If that doesn't work, my other random guess at a fix (as I can't reproduce the problem): Can you use my
ft-C-convert-for-SDXL-comfyUI-OpenAI-CLIP.py
script (converts the full model to a state_dict), and try loading this converted model for the conversion instead?
I learned the cause of this error in other forums and tried to solve the problem with it. It worked, but I'm not sure if it was the final factor. If you save the model with torch.save(model, model_path) , then load it with model = torch.load(opened_file, map_location="cpu").eval() . If you need to load it with model = torch.jit.load(opened_file, map_location=device if jit else "cpu").eval() , then save the model with script_model = torch.jit.trace(model, (images, texts)) script_model.save("model.jit.pt") . Hope this helps with your work library.

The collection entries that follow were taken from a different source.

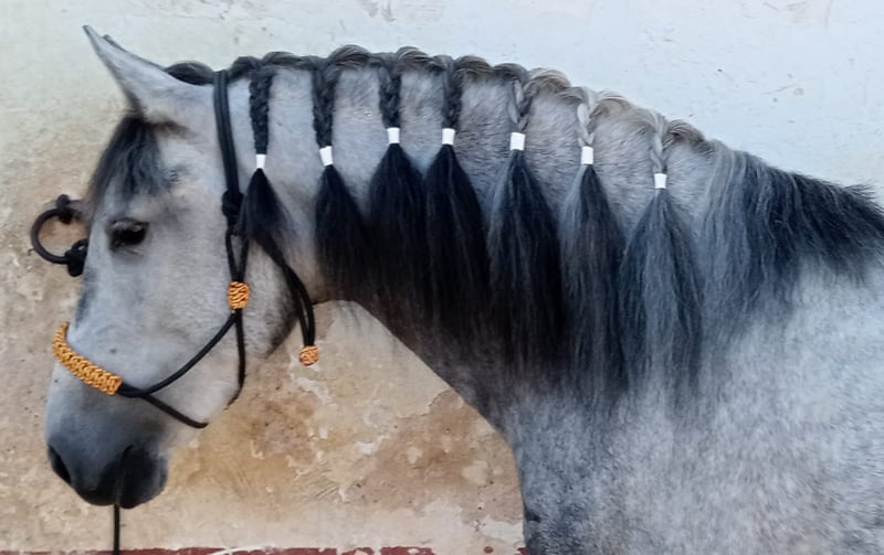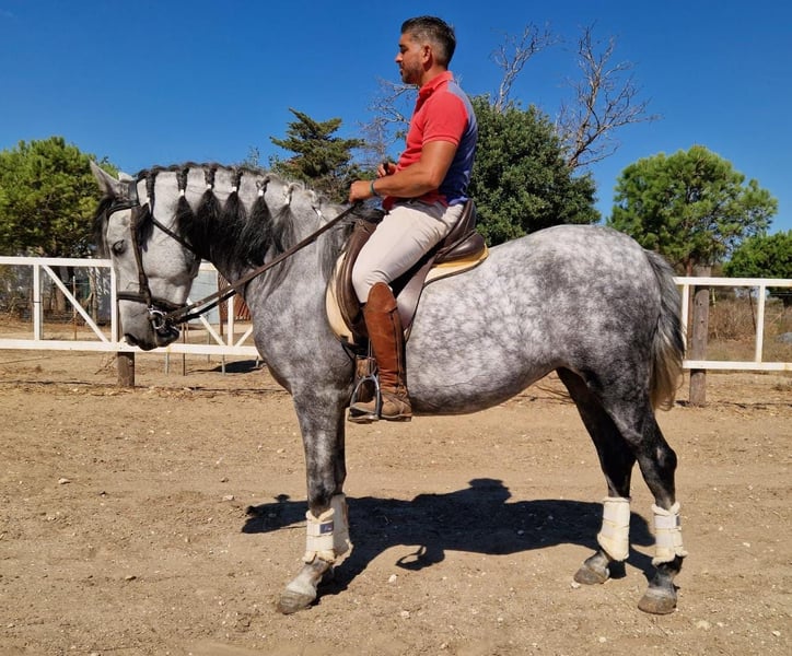 Piękna, typowa, barokowa klacz hiszpańska o dużym, eleganckim karku, solidnej budowie i wyrazistym wyrazie twarzy. Może nie jest jeszcze gwiazdą w konkursach, ale zachwyca łagodnym, bardzo przyjaznym usposobieniem, równowagą, chęcią do nauki i dobrym charakterem nerwowym. Solidnie wytrenowana około 6 miesięcy temu w stylu klasycznym na ogłowiu, dobrze radzi sobie w terenie i chętnie podąża samodzielnie. Nawet podczas pracy z bydłem wykazuje odwagę i nawet sprawia jej przyjemność „popychanie byka”. Uważamy, że ta urokliwa klacz będzie idealna dla ambitnych jeźdźców rekreacyjnych lub fanów Working Equitation, a także jako koń dla rodziny, ponieważ jest bardzo cierpliwa wobec dzieci. Dobrze sprawdzi się także jako koń dla młodzieży z doświadczeniem jeździeckim. Klacz ta pochodzi z linii PRE, co widać, choć nie posiada oficjalnych dokumentów z ANCCE, ponieważ nigdy nie złożyła wniosku o papiery; w związku z tym otrzymuje paszport, co wpływa na cenę. Na pierwszy rzut oka wydaje się zdrowa, choć na życzenie możemy przeprowadzić badanie kliniczne (AKU) przed zakupem. Transport na terenie Europy jest bezproblemowy i możliwy do zrealizowania w krótkim czasie. Cena, na przykład, do Niemiec wynosi około 1000-1300 € w zależności od miejsca docelowego. Więcej informacji i filmy tej klaczy chętnie udostępniamy przez WhatsApp w języku niemieckim, angielskim lub hiszpańskim.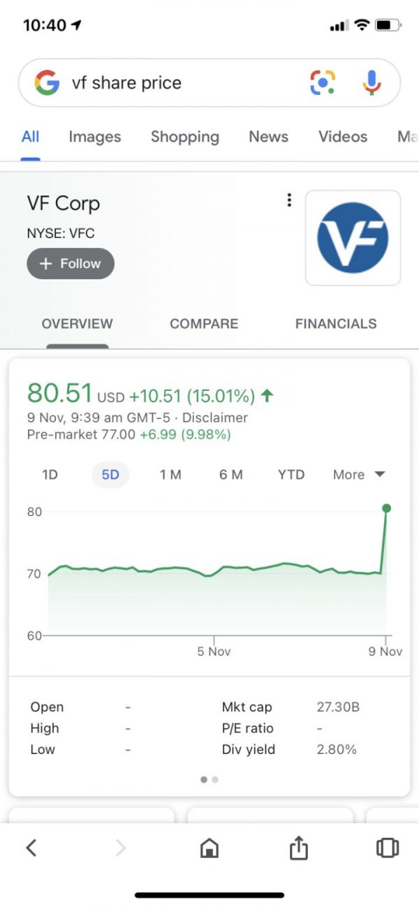 就在本周,拥有Vans、The North Face、Timberland、Dickies、Nautica等知名服装品牌的VF集团以21亿美元的收购了“万物皆可Supreme”的著名潮流品牌Supreme。收购的消息一经曝出,VF集团的股价快速拉高了15%,足见资本市场对于这次收购的青睐。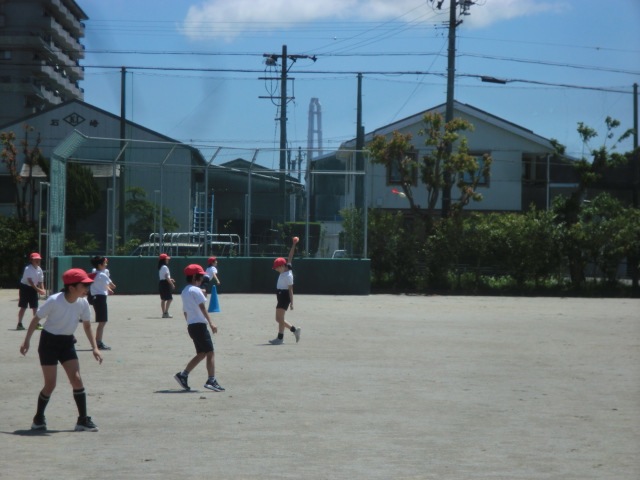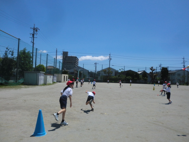 5年生が、元気に体育。「投げる」運動に取り組んでいました。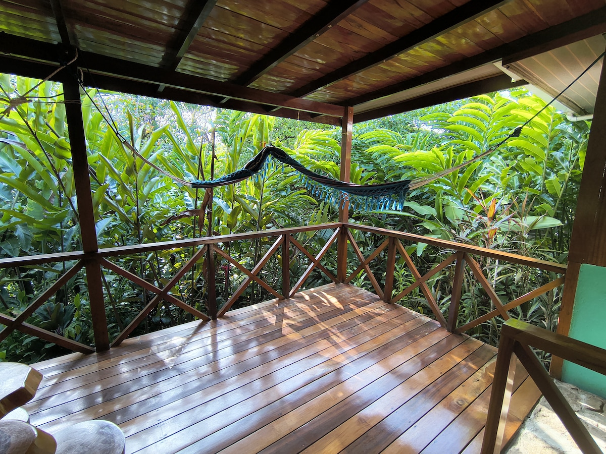 Our cosy cabins are nestled in the heart of Costa Rica's lush landscape surrounded by vibrant green foliage and towering trees. The new cabins have outdoor kitchens and large windows that invite in the beauty of the outdoors The grounds are a secluded paradise of rich biodiversity with colourful plants and blossoming flowers and local wildlife yet we're a 15 min leisurely stroll from the beach and shops and bars or a 3 minute car ride. The host speaks English, French and basic Spanish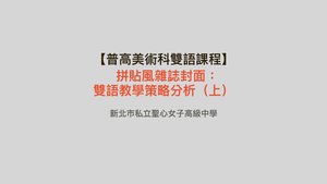 本次課程為拼貼風格雜誌實作。本影片分析教師在課堂中所使用的雙語教學策略。教師在課程中帶領學生利用超現實主義的創作手法— 拼貼,並結合英文元素,讓學生進行實作。在課程一開始,美術教師便與英文教師確認學生的英文準備度,使課程中所使用的英文單字能符應學生的學習能力。教師課堂進行過程不論是課室指令語、名詞解釋或是工作步驟,都得當運用英文,使學生在課堂中逐漸習慣英文的元素。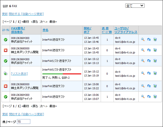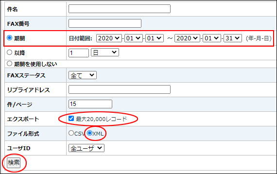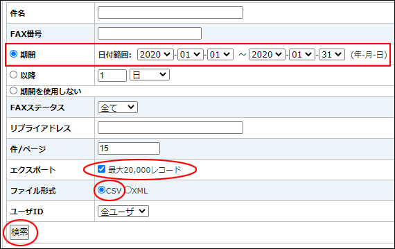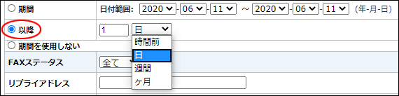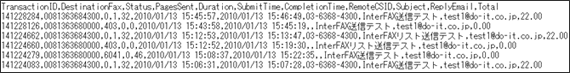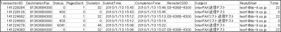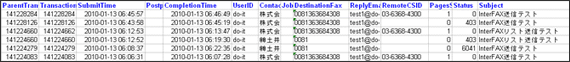 上記画面より、件名(Subject)、送信先FAX番号、送信日、FAXステータス、リプライアドレスに条件を設定することで、条件に一致した履歴データのみを抽出できます。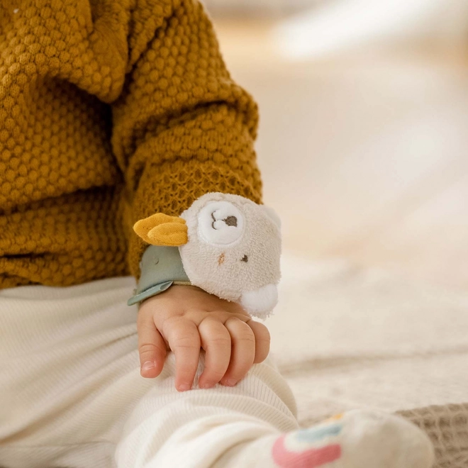 Jednostavno se stavlja na ručicu, a pri pokretu djeteta – trešnja ručicama proizvodi fascinantne zvukove koje mališani vole. Zvečka narukvica na razigran način potiče sluh, hvat i dodir bebe te finu motoriku.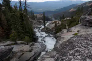 The trail steeply switchbacks up along the white water, joining up with the trail from the horse access and the grade mellows. The trail travels through an ever-changing variety of forest types and open areas. Chilnualna Creek makes appearances in a variety of beautiful cascades along the way.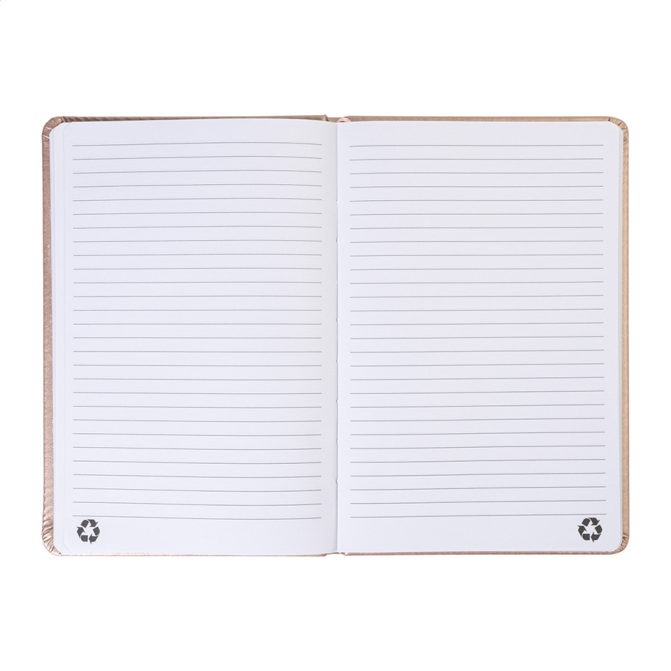 A5 recycled PU leather notebook with a metallic rose finish, designed for everyday note-taking, journaling, or professional use, combining style with sustainable materials.
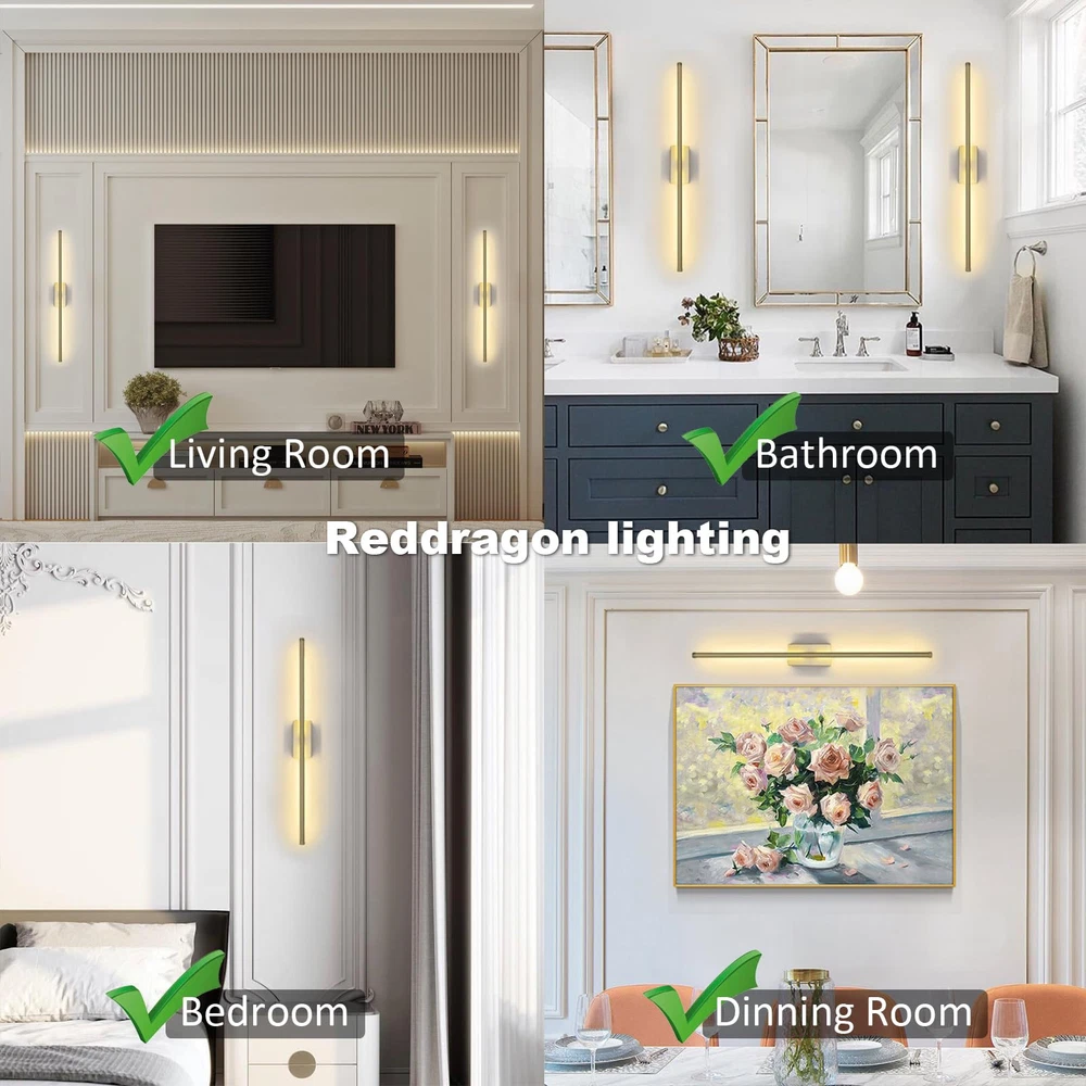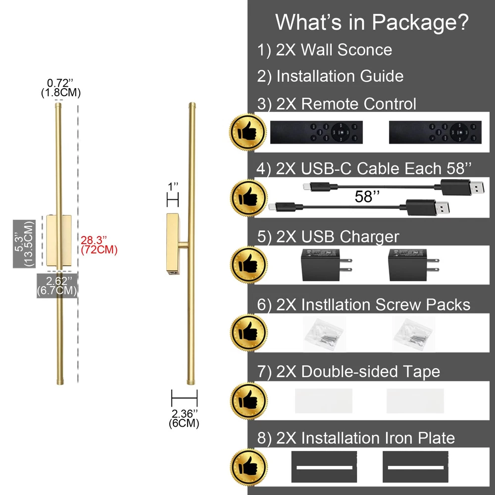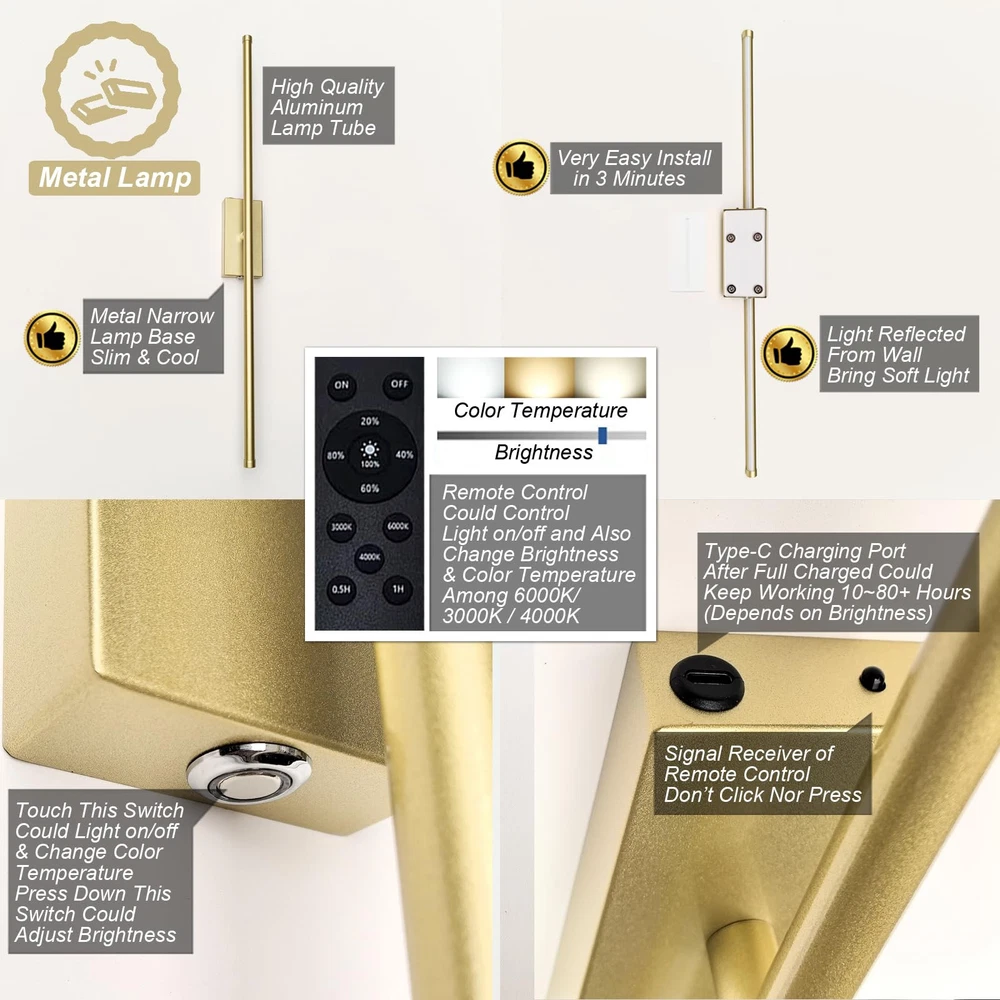 【Excellent Design】This set of 2 rechargeable wireless wall sconces use narrow base design which make the whole lamp looks slim and elegant. They are made of strong metal and dimmable. You could use remote control or touch switch to control light on/off, change brightness and color temperature among cold white/warm white/neutral white. 【Don’t Need Electrician and Super Easy to Install】These gold cordless wall sconces are battery operated so they don't need wiring. Installation iron plate was included you could fix it to wall by either double-sided tape or screws. As lamp back has magnetics so you just put lamp onto iron plate (magnetic connection). Done. Later it's also very easy for you to pull out the lamp from iron plate. The installation way by double-sided tape is suitable for almost every installation surface like painted wall, ceramic tile wall, wood surface, wall covering, glass surface, mirror etc. 【Super Easy to Charge】Each package includes 2 pieces of long (58’’) USB-C charge cables AND 2 pieces of charger plugs so it’s super easy to charge if you have outlet nearby. You could also pull wall sconce out from iron plate to charge. 【Long Endurance】Each battery operated wall sconce has big capacity battery inside. After full charged, lamp could keep working for 10~80+ hours (depends on brightness). Press down the touch switch on lamp could get lowest brightness. 【Various Applications】These modern and minimalist cordless wall sconces are ideal for living room, bedroom, corridors, entryway, bathroom, dining room, etc.

Thank you for the suggestion, and glad you got it to work! I'll try it and consider implementing as a Bool to switch - to True if you want to script the model, else save a normal torch.save, with my next update. 👍
I updated the code with a new model saver; you can now choose to either save as GmP (legacy behavior) or directly convert back to .weight (original OpenAI/CLIP; no extra script for conversion needed anymore!). Plus, you can save the model as 1. a full model object (legacy behavior) or 2. a state_dict or 3. a torch.jit.trace() -- or all of those combined.
Hope it's useful to you! 👍
First of all, thank you for your work. I have a question for you. I want to fine-tune a complete text encoder model, but it seems that the model trained by ft-B-train-OpenAI-CLIP-ViT-L-14.py is a visual encoder model. How can I get the model of the pure text encoder ViT-L-14-TEXT-detail-improved-hiT-GmP-HF.safetensors given in your HF?